TribBlog: A Matter of Jurisdiction [Updated]
A memo from the Texas Forensic Science Commission circulated in advance of tomorrow’s meeting indicates the agency may believe it has no authority to consider the Cameron Todd Willingham complaint.
The document interprets the Commission’s enacting statute as limiting its jurisdiction to laboratories accredited by the Department of Public Safety. That could prevent it from taking up Willingham's case, which hinges on allegedly faulty testimony of experts at trial, not analysis conducted in a laboratory. Willingham was convicted of the 1991 arson deaths of his daughters and was executed in 2004.
The memo is unsigned, though it states that it “has been drafted, reviewed, and edited through the combined efforts of counsel for the Attorney General’s Office, the Office of Court Administration and the Department of Public Safety, along with the two members of the FSC who are lawyers.” (Those lawyers are Commission chairman John Bradley, the Williamson County District Attorney, and Fort Worth criminal defense lawyer Lance Evans. Both are on the subcommittee charged with reviewing the Willingham complaint.)

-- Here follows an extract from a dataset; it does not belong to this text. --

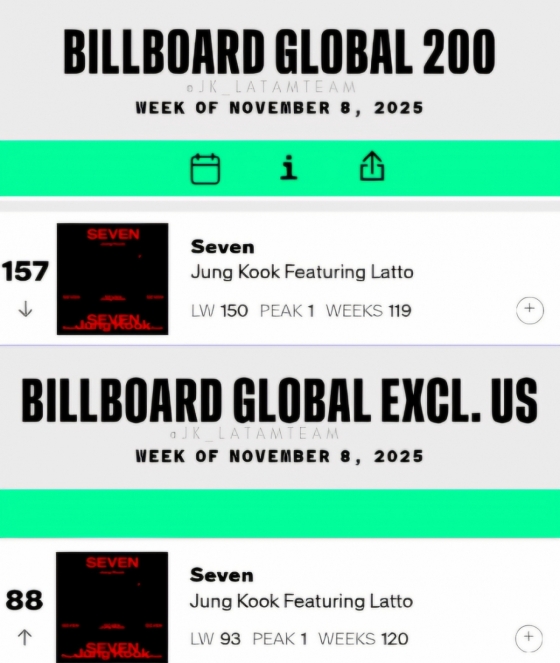 此外,《Seven》在11月8日的“全球(美国除外)”榜单中位列第88位,成为亚洲个人歌手首次且连续120周进入该榜单的纪录保持者。

The sponsor of the bill that created the Commission, state Sen. Juan "Chuy" Hinojosa, D-McAllen, issued an open letter to the Commission disputing that interpretation, saying the agency’s scope “includes all forensic science analysis and procedures, which help the Commission identify best practices and eliminate the state’s use of ‘junk science.

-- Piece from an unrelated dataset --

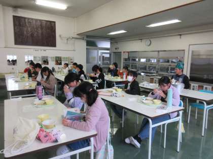 デザートのりんごヨーグルトを楽しみにしているようです。

State Sen. Rodney Ellis, D-Houston, echoed Hinojosa in a separate statement: “The statute never says that only Department of Public Safety (DPS) accredited labs, facilities, or entities may be investigated. DPS only began accrediting crime labs in 2003, and as such, allegations of professional negligence or misconduct that occurred before then would not be able to be investigated. … It would be absurd to think that the FSC would not have jurisdiction to investigate one of the main problems it was created to address.
Former chairman Sam Bassett, whom Bradley abruptly replaced in October — two days before the Commission was set to address the Willingham case — also took issue with the memo. In a response, he wrote: “It is my opinion that the jurisdiction of the FSC to investigate extends beyond ‘accredited’ entities as set forth in the Memorandum.

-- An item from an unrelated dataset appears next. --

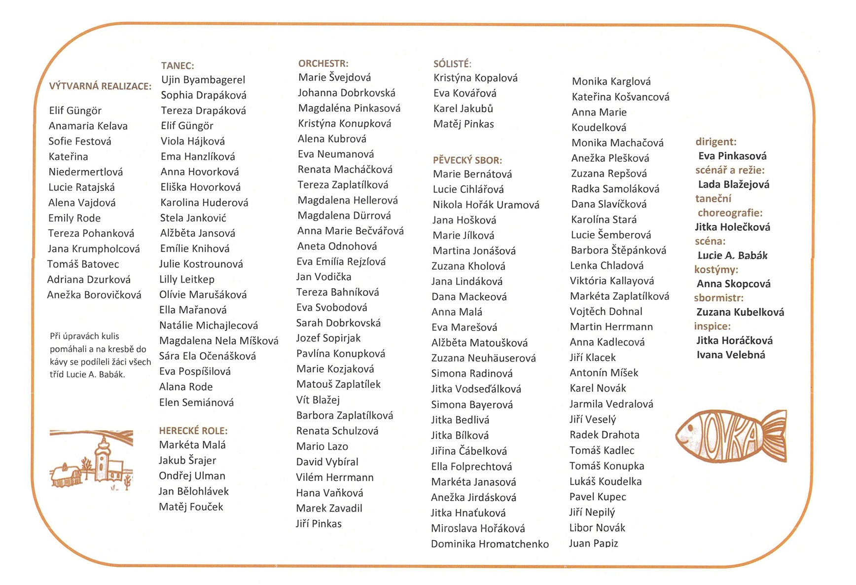 Chceme vám taky ukázat jména účinkujících a těch, kteří celé představení připravili:

Find the full agenda for the meeting in Houston here. The Innocence Project, which brought the original complaint in 2007, will be live streaming it online here, starting at 9:30 a.m.
Update: John Bradley has just addressed the jurisdictional memo at the meeting. Bradley said the memo is a "legal description, not a legal conclusion" and was supposed to be a reference document for members, who are free to "come up with their own ideas as to how they should apply them."
"This memo was not intended to stop [the Willingham] investigation" he said, though "certainly some of the issues that were raised in the memo could question whether the commission has jurisdiction over the Willingham case." He added that "whatever hindsight we might have" about those issues would not apply retroactively to the cases they've already decided to take up — meaning Willingham.
Bradley also said that he expected the Commission to follow the same timeline anticipated by Bassett — who said while he was chair he thought the agency would finish its consideration of the Willingham case by the summer of 2010 — though they "may need a little more time."
Update: While delivering their report, members of the subcommittee charged with reviewing the Willingham case said that — though they believe the science used to convict the Corsicana man was flawed — they aren't prepared to say the fire investigator, whose testimony was used to convict him, committed professional negligence or misconduct. That's because, they explained, they aren't convinced that he violated the standard of care applicable at the time to arson investigations in Texas. That conflicts with the findings of Craig Beyler, the nationally regarded forensics expert that issued a report to the Commission in August that concluded investigators were not using up-to-date science when they investigated the crime scene.
Referring to Beyler's assessment, Bradley said, "to go back in time to create some academic, theoretical standard based on academic documents" and assume an investigator in Corsicana, Texas was aware of it, is "an unfair standard to apply."
"He was doing what he was taught at the time," he said, adding that though "we can certainly criticize [his methods] in hindsight, to put a label of misconduct on it is a stretch."
Nothing is final yet. After consulting more experts on what the standards the investigator should have applied, the commission will meet again "for the sole purpose" of resolving the Willingham complaint on Sept. 17.
Update: State Sen. Rodney Ellis issued the following statement about today’s proceedings:
"I am happy to hear that the Forensic Science Commission is moving forward on the Todd Willingham investigation, but unfortunately the Commission is off track in terms of what it should be investigating. It was painfully apparent that many FSC members believe that flawed science was used in the Willingham conviction, but the FSC does not seem interested in looking at the bigger picture: When did the State Fire Marshal start using modern arson science and did the State Fire Marshal commit professional negligence or misconduct when it failed to inform the courts, prosecutors, the Board of Pardons and Parole, and the Governor that flawed arson science had been used to convict hundreds of defendants?